Redis Context Retriever assembles the Account 360 — identity state, transaction history, and risk signals — so the decision engine has exactly the live context it needs.

That is why we keep using the phrase unified context layer. The decision should be grounded in the whole operational picture, not one disconnected score from one disconnected vendor.

This is what Redis is assembling in real time.

Transition

With that context available, the platform can now decide the safest and smartest action.

Stage 5
Feature Serving

Say this exactly

The hard problem is not calculating a risk score once a day. The hard problem is hydrating the right risk features in milliseconds on the live transaction path.

That is where Redis FeatureForm plus Redis RAM and Redis Flex matter. The triage engine can pull account maturity, network risk, payment reuse, and verification confidence quickly enough to act inline, not after the fact.

Transition

Now the triage stack can choose the action, not just produce another score.

Stage 6
Decision

Say this exactly

Step up plus hold wins because the signal quality is too concerning for auto-approval but not yet so conclusive that an immediate hard block is the best first move.

Manual review is a strong secondary action if enhanced verification fails or if the risk picture worsens. Auto-approve is correctly suppressed because the context makes that unsafe.

This is where Redis earns its role as decision infrastructure. It is helping the operator choose the right action path from unified context, not just passing along a generic fraud score.

Transition

Now let's translate that into operational and financial value.

Stage 7
Business Impact

Say this exactly

Better triage means stopping more bad events sooner, but it also means creating fewer false positives because the action is grounded in richer context.
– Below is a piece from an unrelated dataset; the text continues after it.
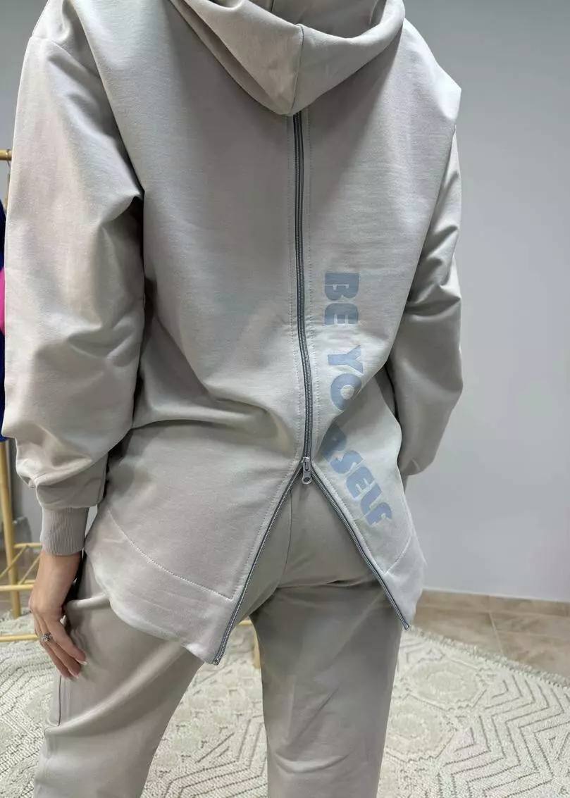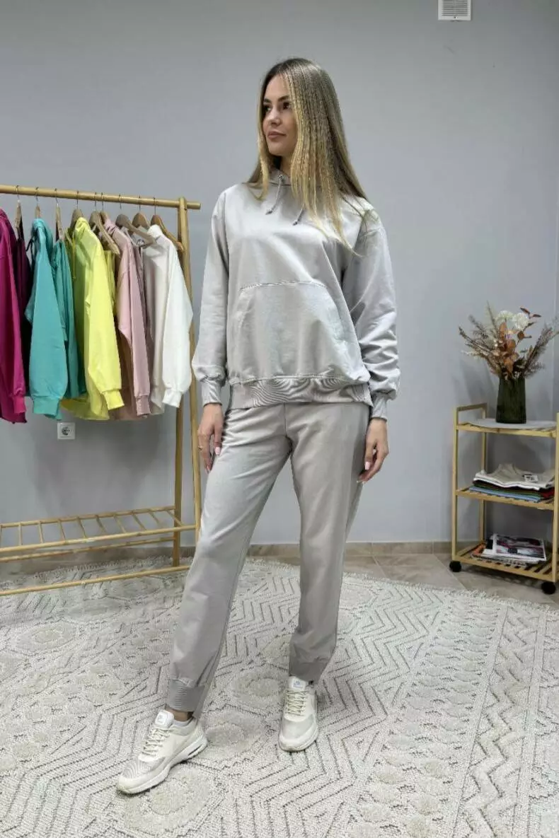 Костюм жіночий із двонитки: худі з капюшоном і кишенею кенгуру та

That helps on both sides: lower loss exposure and better analyst efficiency, with more defensible decisions when compliance teams ask why a step-up or hold occurred.

Transition

Let me show what that difference looks like in practice.

Stage 8
Outcome

Say this exactly

On the left, the operator is making a trust decision from siloed tools and delayed context. On the right, the operator has a unified operational picture in the live path, so the action can be more precise and more defensible.

That is why this is such a strong Redis story. It is clearly beyond cache and clearly central to a mission-critical workflow.

Transition

This is the visible result of the architecture we started with.

Stage 9
Architecture Recap

Say this exactly

The operator keeps its KYC, wallet, payments, risk-vendor, and case systems. Redis sits between those systems and the triage action, assembling the live context needed to approve, step up, restrict, or review.

That is the strategic change in mindset: Redis is no longer just a cache near the workflow. Redis is part of the workflow's decision substrate.